M : La phase de beta test a été absolument fantastique. En deux mois de beta test et de polish le jeu a subit un lifting complet. On a recruté une trentaine de beta testeurs sur les forums de toucharcade.com et en une semaine on avait des mails très positifs avec des tonnes de remarques et d’améliorations possibles. C’était la première phase, la seconde phase a été de créer un social group sur toucharcade.com, et le résultat a été bien au dessus de mes attentes. Les joueurs ont créé une communauté très solide où ils se sont chargé de créer une sorte de marketing viral en allant sur les forums publiques pour parler de iBlast Moki en “bande”. Aujourd’hui il y a bien une dizaine de posts par jour a propos du jeu sur des améliorations, des bugs, mais également des plans marketings. Jamais, je ne me serais attendu a avoir une communauté aussi passionnée, attendons de voir comment va évoluer cette communauté une fois le jeu sorti… J’espère qu’elle va s’étendre :)

iBlast Moki - Screen 08

  • G&C : Nous, on piaffe d’impatience. Quand le jeu va-t-il être disponible ? Où peut-on suivre son actu (site officiel, page facebook, twitter) ?

M : La sortie du jeu est pour très bientôt si tout se passe bien. Il est possible de suivre les dernières actualités du jeu sur le site officiel : www.godzilab-games.com. On s’est également amusé à créer une page twitter : www.twitter.com/godzilab.

  • G&C : Quels sont vos plans post-release ? Du contenu additionnel est-il à prévoir ?

M : Nous avons des tonnes d’idées pour les prochaines updates de iBlast Moki. La prochaine aura un nouveau monde de type “espace”, sans gravité et avec de nouveaux items. De nouvelles guest stars venant spécialement de la planète Moki feront également leur apparition.
Et bien sur nous avons créé un forum pour être sur que les joueurs contribuent a la prochaine update en suggérant de nouvelles idées. Nous somme plus qu’impatients de travailler sur les mises à jour, surtout après le succès de la phase de beta test ou nous avons refait un lifting au jeu qui lui a été très très favorable.

  • G&C : Vous avez créé un studio, Godzilab, suite au développement d’iBlast Moki.
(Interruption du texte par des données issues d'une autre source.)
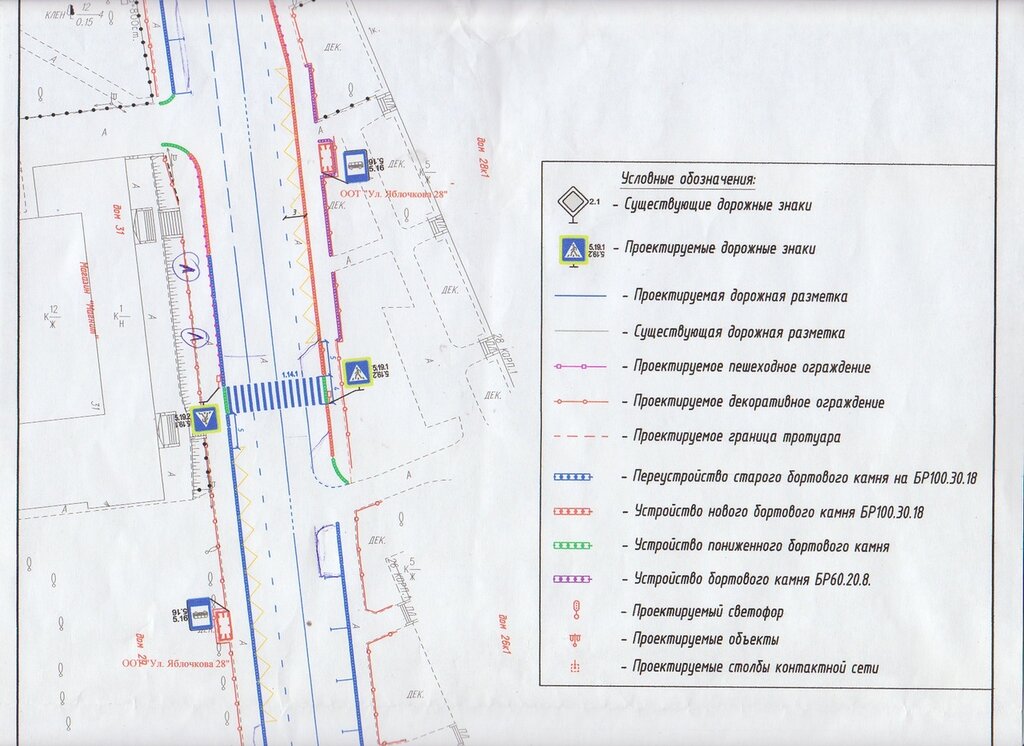 PS забыл про знаки и столбы: они не должны мешать проходу и быть в буферной зоне, а не по центру.

Etait-ce prévu dès le départ ? C’est quoi, pour vous, Godzilab ?

M : Un laboratoire ou l’on créé des monstres sous-marins.
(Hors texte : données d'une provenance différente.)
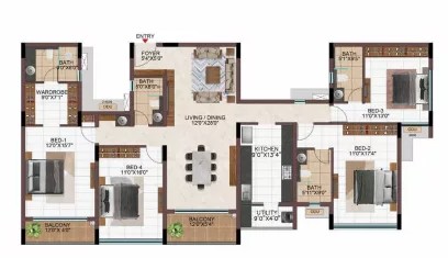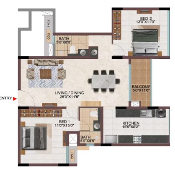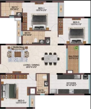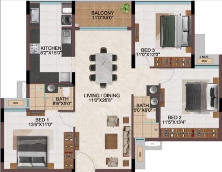 BEDROOMS & KITCHEN Vitrified tiles of size 600x1200mm

  • G&C : J’ai lu dans Wired, Edge, PC Gamer, et The Economist, que tout le monde se demande la même chose que moi : que fera Godzilab ensuite ? Avez-vous déjà pensé à un iBlast 2, ou à quelque chose de complètement différent ?

M : Pour l’instant nos plans a courts termes sont sur les updates. D’ailleurs c’est un sujet intéressant car sur l’Appstore on a tendance a voir des jeux qui sont en permanence “améliorés” plutôt que d’avoir une suite toute nouvelle. Un bon exemple est Fieldrunners, la première version n’avait même pas de son, après leur succès ils n’ont pas cessé d’améliorer le jeu. D’autant plus qu’avec l’iPhone OS 3.0, il est maintenant possible de rajouter du DLC, ce qui permet d’améliorer sans cesse le jeu.

Godzilab - Logo

  • G&C : Quels sont vos goûts respectifs en matière de chocolat ? Et ça mange quoi un moki ?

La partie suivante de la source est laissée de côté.